DDN has lifted the covers off AI400X2 Turbo appliance, new AI hardware with more network ports and memory compared to its AI400X2 predecessor.
The AI400X2 Turbo is an update on the existing ExaScaler AI400X2 Lustre parallel filesystem storage array. It has twice the number of Nvidia ConnectX 400G network cards and the controller has 30 percent more memory. The updated system can, we’re told, now deliver 75 GBps write bandwidth, 120 GBps read bandwidth and 3 million IOPS, a 33 percent performance improvement over the AI400X2. This can be via GPUDirect or without it.
James Coomer, DDN senior veep for Products, told B&F: ”NVIDIA GPUDirect Storage allows the IO to bypass the Compute Side CPU when moving data between storage and GPU memory. This results in higher bandwidths, lower latency and lower CPU consumption. It’s just one of a set of optimizations we use to create an optimal datapath between the filesystem and the AI application.”

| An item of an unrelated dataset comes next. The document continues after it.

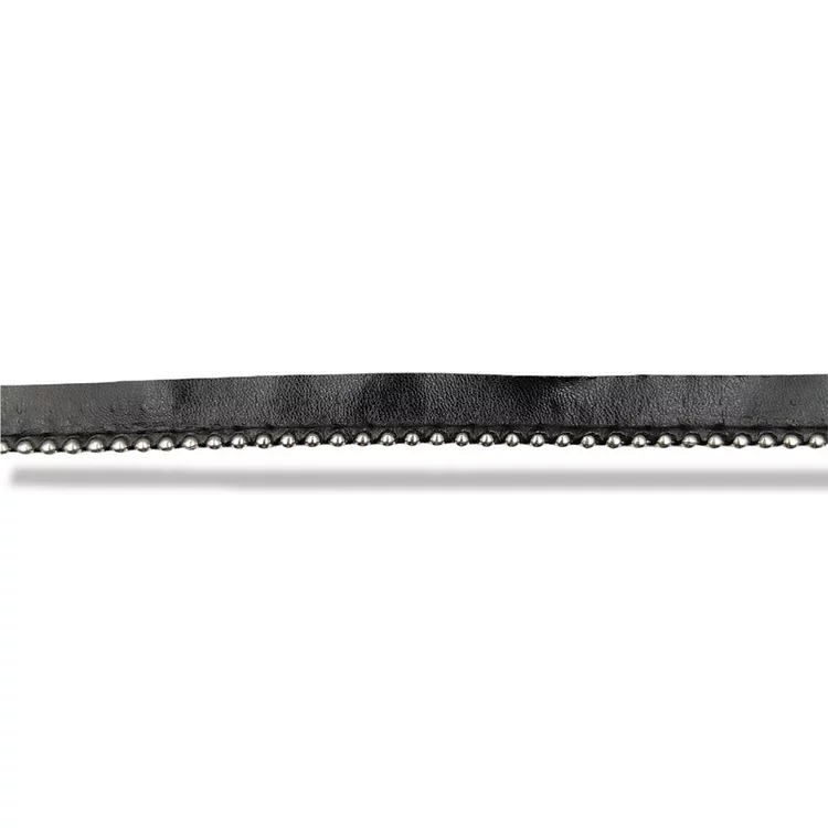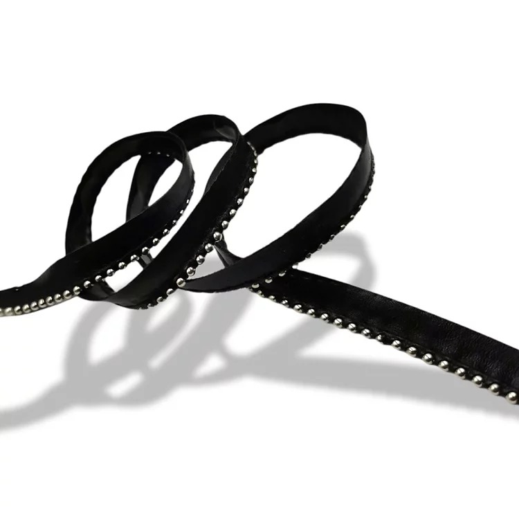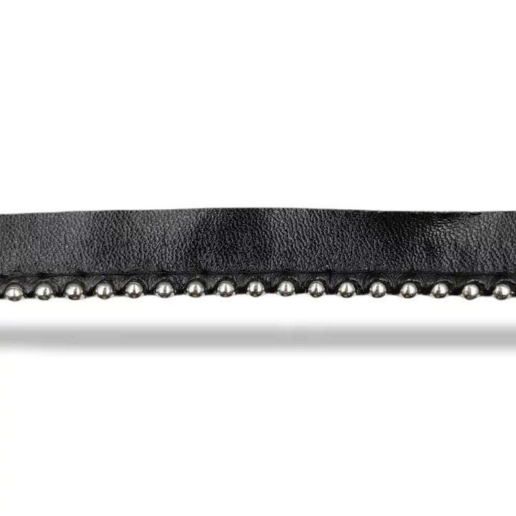 passamaneria realizzata con bandina in eco-pelle nera ed all’interno vi sono file di borchie silver rotonde h totale : 13 mm, co

DDN has a solid presence amongst Nvidia’s CSPs, who supply GPUs-as-a-Service, counting Bitdeer, Lambda, NAVER, OCI, Scaleway and Vultr as customers for its appliances, with OCI also using its ExaScaler software with NVMesh.
A spokesperson at DDN told us that Nvidia’s EOS SuperPOD, the largest DGX H100 SuperPOD, uses its AI400X2 storage appliance.
Coomer explained how DDN optimizes storage for AI workloads: “At DDN, we have 3 primary approaches to make AI applications go faster by reducing IO wait times: 1) optimize exactly for the specific, common AI framework behaviors (the POSIX call, the number of threads, the IO patterns, etc.); 2) cross-stack optimizations (integrating the storage SW up the stack – e.g. with NVIDIA DGX, with network, with containers); and 3) making the storage itself fast (optimizing backend and HW/SW integration).”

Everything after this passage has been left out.